The Phosphatase and Tensin Homolog PTEN is a tumor suppressor and negative regulator of PI3K function catalyzing the reverse reaction, the dephosphorylation of PIP3 to PIP2. PTEN loss-of-function mutations are prominent PI3K signaling activators in many tumors [59,60,61] (Figure 1). In 1997, Liaw et al. described germline mutations of PTEN in families with Cowden Disease and Lhermitte-Duclos disease [62]. Today, Cowden Syndrome (CS), Lhermitee-Duclos disease, and Bannayan-Riley-Ruvalcaba-Syndrom (BRRS) belong to the so-called PTENopathies or PTEN hamartoma tumor syndromes, which are a spectrum of diseases induced by PTEN loss-of-function mutations.

While patients with CS develop multiple benign or malignant hamartomas in different organs like thyroid gland, breast, endometrium, and skin and often have a macrocephalus, patients with BRRS mostly suffer from macrocephalus accompanied by hemangiomas, lipomas, a delay of motoric development, and mental retardation [17,63]. There is no therapy for PTENopathies at the moment. Patients undergo constant cancer screening and surgery to remove painful or malignant lesions. Sirolimus has been tested in patients with Cowden Syndrome (NCT00971789). Everolimus and two PI3K inhibitors, dactolisib and BGT226, are under investigation in patients with CS or PTEN hamartoma (NCT02991807, NCT00620594, NCT00600275). Some benefit has been reported for sirolimus treatment. Since patient cohorts are small, sufficient clinical data is missing to evaluate the success of the approach [64,65].

3.2. PI3K Related Overgrowth Syndrome (PROS)
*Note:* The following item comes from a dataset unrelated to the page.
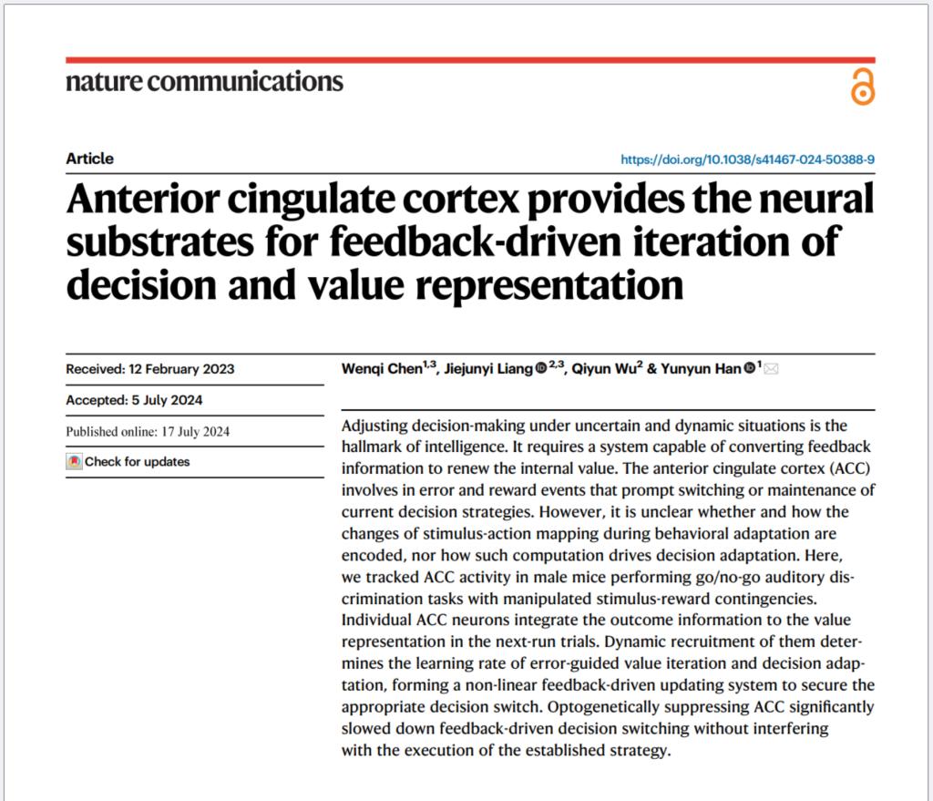 2024年7月17日,《Nature Communications》在线发表了公司题为“Anterior Cingulate Cortex Provides the Neural Substrates for Feedback-Driven Iteration of Decision and Value Representation”的最新医工交叉研究成果。本文针对大脑在适应不断变化的外界环境过程中,如何编码外界刺激与自身行为之间的映射关系,通过什么计算方式驱动最终决策的改变,以及如何复现这种认知计算能力等核心问题,建立了利用预期误差反馈改变决策习惯的生物认知行为模型,发现了平衡调节决策灵活性和稳定性的神经网络机制,为理解大脑高级认知功能及其复现提供了全新的认识和技术手段。
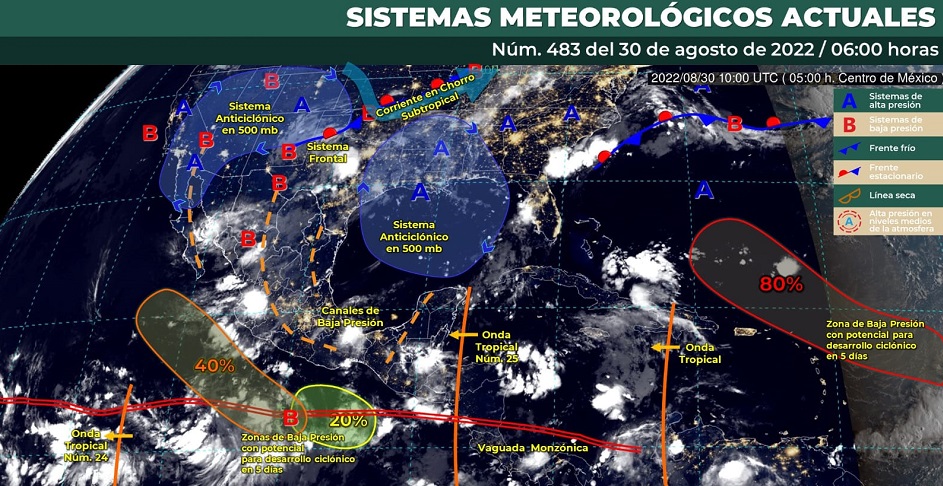 De mañana miércoles al viernes en el estado se esperan lluvias fuertes, con calor de 35 a 40° C, debido a la onda tropical 25, que recorrerá el sur del país, a canales de baja presión que se extenderán sobre el interior, noreste, oriente y sureste de la República Mexicana, a inestabilidad atmosférica superior y a humedad del Océano Pacífico, Golfo de México y del Mar Caribe.

PI3K related Overgrowth Syndrome (PROS) comprises several pathological conditions, which present with segmental overgrowth. The same hotspot mutations found in cancers are also present in PROS, mostly in the mosaic state: H1047R in the kinase domain as well as E542K and E545K in the helical domain of the enzyme. In some cases, mutations of AKT1 as well as PTEN have been described, and more mutational data is being collected using improved sequencing technology and availability. Despite the high sensitivity of next-generation-sequencing approaches, low a mutant allele level/degree of mosaicism (sometimes <1%) is still hard or impossible to be detected in patients’ blood. Therefore, overgrown tissue needs to be used for sequencing [17,66,67,68].

The following segmental overgrowth syndromes are grouped under the term PROS: congenital lipomatous overgrowth with vascular, epidermal, and skeletal anomalies (CLOVES), megalencephaly capillary malformation (MCAP), Klippel-Trenaunay syndrome, fibroadipose hyperplasia, Proteus Syndrome, hypoinsulinaemic hypoglycaemia with hemihypertrophy, and other extremely rare disorders [17]. PROS are associated with an increased risk of Wilms tumors, but the prevalence seems low and has not been accurately assessed [69].

Clinically, the spectrum of the disorders correlates with the mutation and the degree of mosaicism. The severity is highly variable and ranges from localized overgrowth of a digit to life-threatening overgrowth affecting vessels or critical organs. Manifestation starts at birth and a range of tissues can be affected including vasculature, lipid tissue, bone, brain, peripheral nerves, liver, and cardiac muscle [19,70].

Currently, there is no approved targeted therapy for PROS. Patients undergo surgical debulking and blocking of overgrowth vessels [19]. A limited number of clinical reports has shown proof of concept for inhibitors of the PI3K/mTOR pathway. For example, single case studies of the use of rapamycin or AKT inhibitors in proteus syndrome are available [65,71]. PI3K inhibitors can potentially be used as single agent at a low dose. Alpelisib (BYL719, Piqray®) was tested in 19 patients with PROS at low doses and improved disease symptoms including vascular tumors, hemihypertrophy, and scoliosis [72]. The AKT inhibitor ARQ-092 led to the remission of a cancer in a patient with Proteus Syndrome carrying an AKT1 mutation, and is currently undergoing clinical evaluation in PROS [73].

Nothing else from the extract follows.